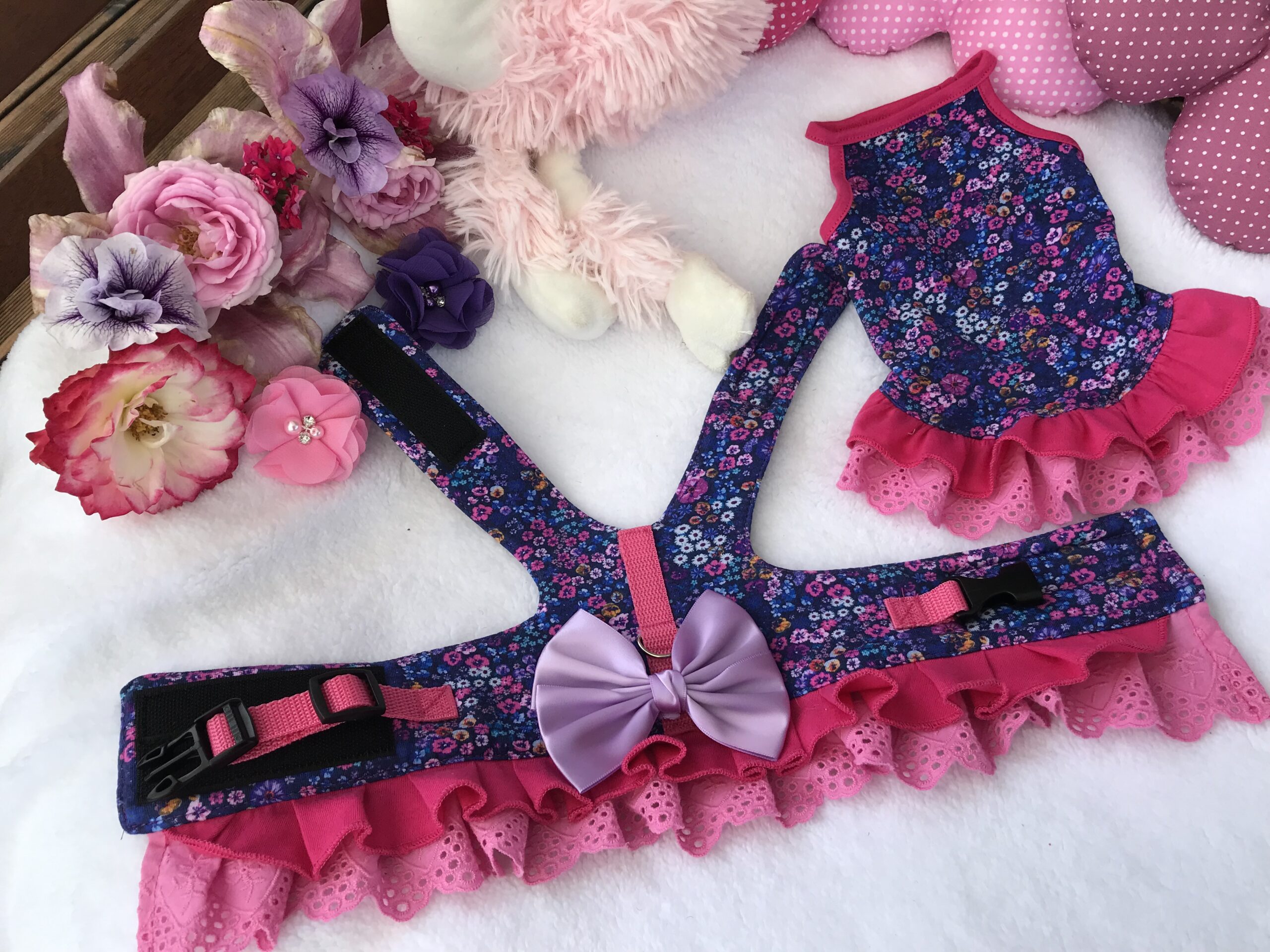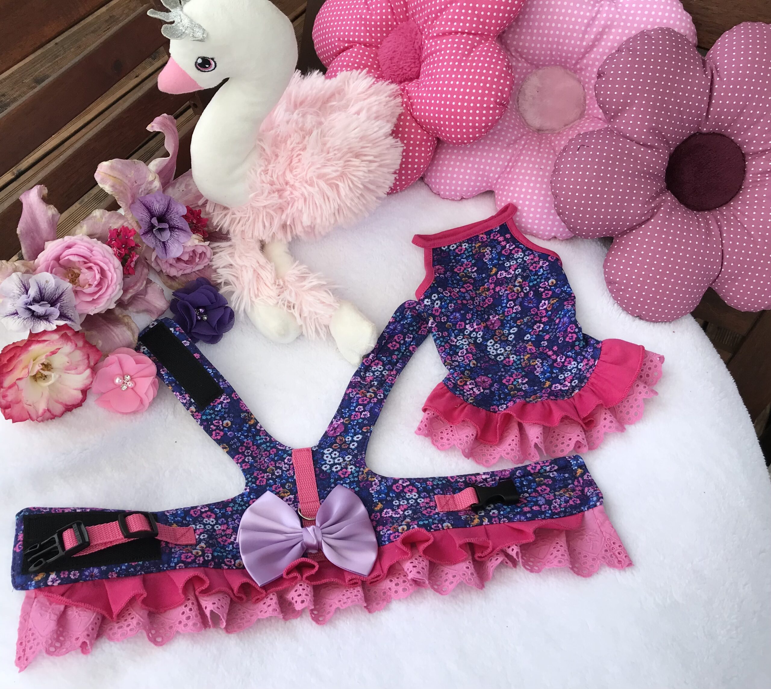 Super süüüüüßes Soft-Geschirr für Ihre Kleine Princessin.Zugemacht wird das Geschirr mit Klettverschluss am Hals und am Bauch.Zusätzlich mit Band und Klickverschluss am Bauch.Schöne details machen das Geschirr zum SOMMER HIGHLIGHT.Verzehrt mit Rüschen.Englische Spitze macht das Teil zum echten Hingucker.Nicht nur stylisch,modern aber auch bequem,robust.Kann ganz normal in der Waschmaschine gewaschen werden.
==
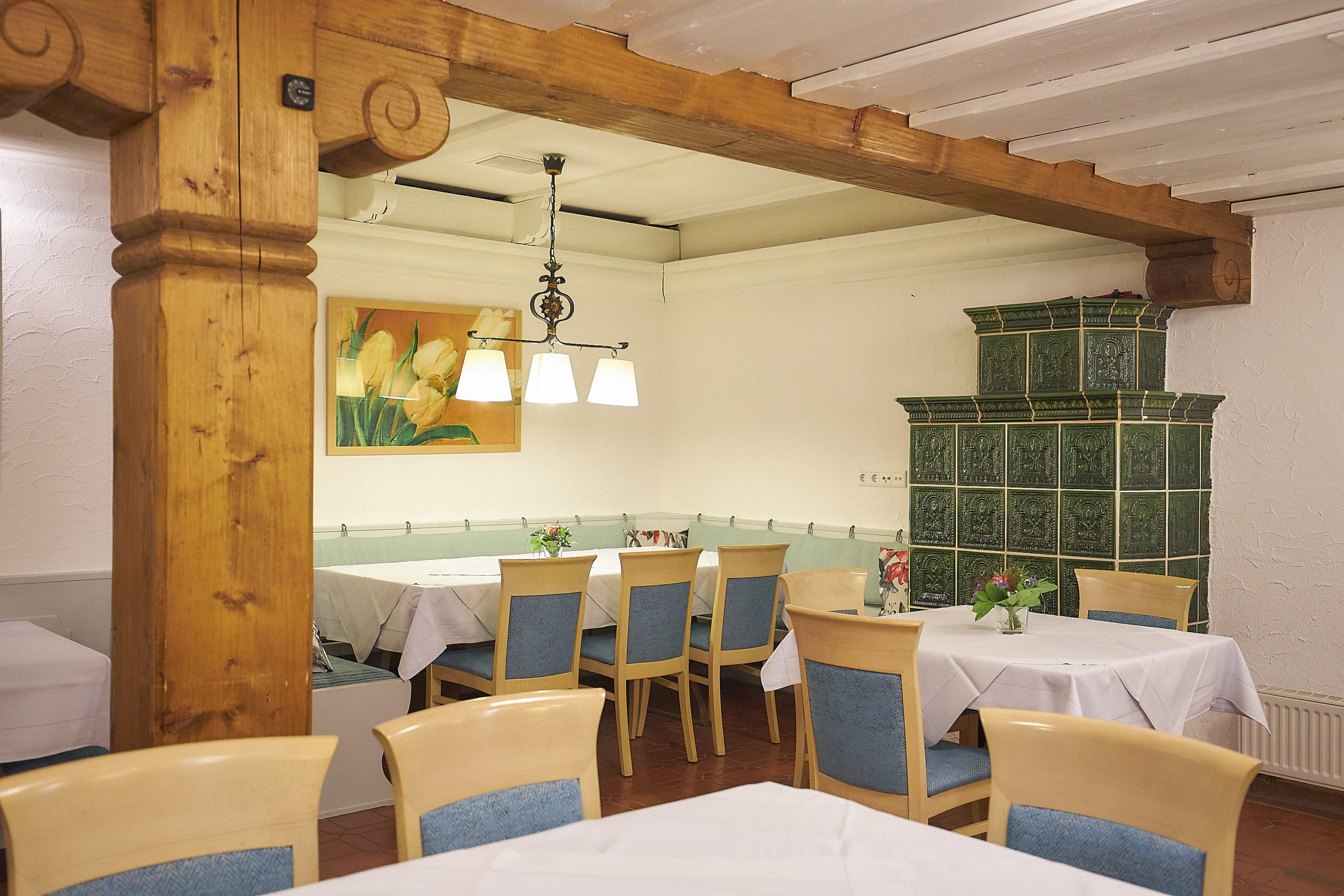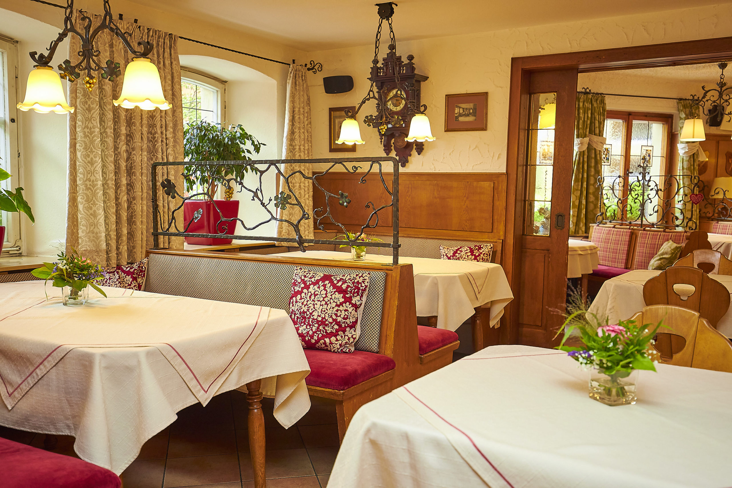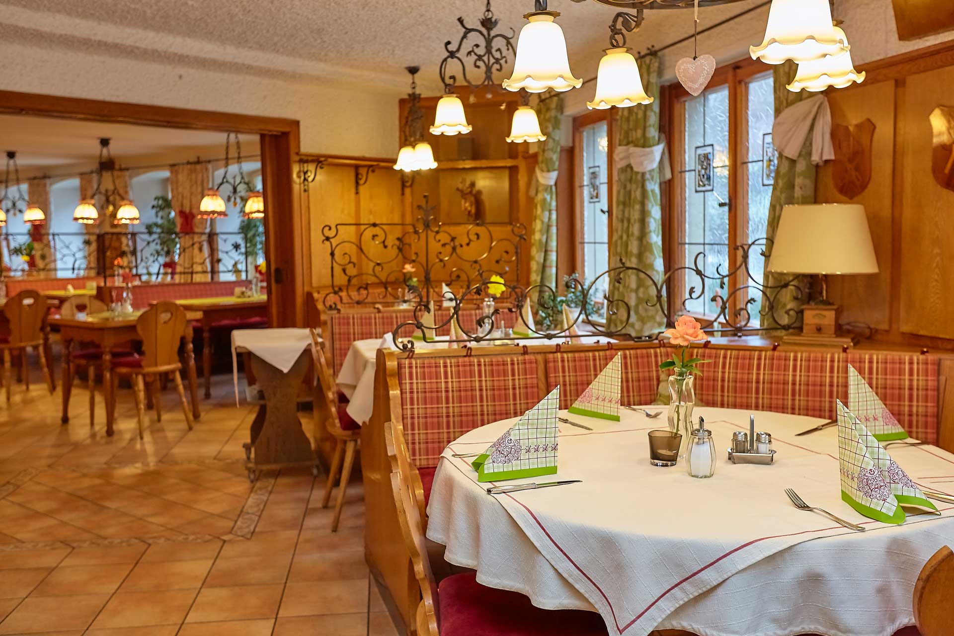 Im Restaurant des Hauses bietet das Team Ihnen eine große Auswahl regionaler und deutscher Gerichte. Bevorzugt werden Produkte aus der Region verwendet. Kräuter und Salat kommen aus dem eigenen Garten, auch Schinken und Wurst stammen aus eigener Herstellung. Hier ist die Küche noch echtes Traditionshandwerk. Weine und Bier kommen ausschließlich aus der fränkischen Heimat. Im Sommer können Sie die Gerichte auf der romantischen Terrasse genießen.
==
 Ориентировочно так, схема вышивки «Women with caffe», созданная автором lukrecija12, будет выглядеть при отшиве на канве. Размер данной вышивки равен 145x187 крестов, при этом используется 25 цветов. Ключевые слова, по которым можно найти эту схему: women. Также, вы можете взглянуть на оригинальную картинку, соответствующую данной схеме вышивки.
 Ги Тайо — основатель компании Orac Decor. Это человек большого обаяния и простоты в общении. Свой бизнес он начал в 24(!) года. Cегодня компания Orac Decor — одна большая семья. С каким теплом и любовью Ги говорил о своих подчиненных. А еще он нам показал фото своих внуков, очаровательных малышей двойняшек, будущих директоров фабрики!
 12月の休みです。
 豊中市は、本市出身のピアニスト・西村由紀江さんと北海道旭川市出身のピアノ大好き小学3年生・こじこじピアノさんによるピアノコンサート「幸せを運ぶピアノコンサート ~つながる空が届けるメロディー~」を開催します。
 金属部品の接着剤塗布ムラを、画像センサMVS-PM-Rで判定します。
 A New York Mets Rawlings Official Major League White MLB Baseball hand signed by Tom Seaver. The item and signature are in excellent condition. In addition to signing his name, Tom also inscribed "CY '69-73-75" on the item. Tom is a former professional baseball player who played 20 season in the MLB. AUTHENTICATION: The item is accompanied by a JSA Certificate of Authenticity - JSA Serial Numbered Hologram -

* Task brief
Using the entries above, output exactly the lines between the line holding "豊中市は、本市出身のピアニス" and the line holding "A New York Mets", end lines included, and nothing more.

* Reply to the task
 豊中市は、本市出身のピアニスト・西村由紀江さんと北海道旭川市出身のピアノ大好き小学3年生・こじこじピアノさんによるピアノコンサート「幸せを運ぶピアノコンサート ~つながる空が届けるメロディー~」を開催します。
 金属部品の接着剤塗布ムラを、画像センサMVS-PM-Rで判定します。
 A New York Mets Rawlings Official Major League White MLB Baseball hand signed by Tom Seaver. The item and signature are in excellent condition. In addition to signing his name, Tom also inscribed "CY '69-73-75" on the item. Tom is a former professional baseball player who played 20 season in the MLB. AUTHENTICATION: The item is accompanied by a JSA Certificate of Authenticity - JSA Serial Numbered Hologram -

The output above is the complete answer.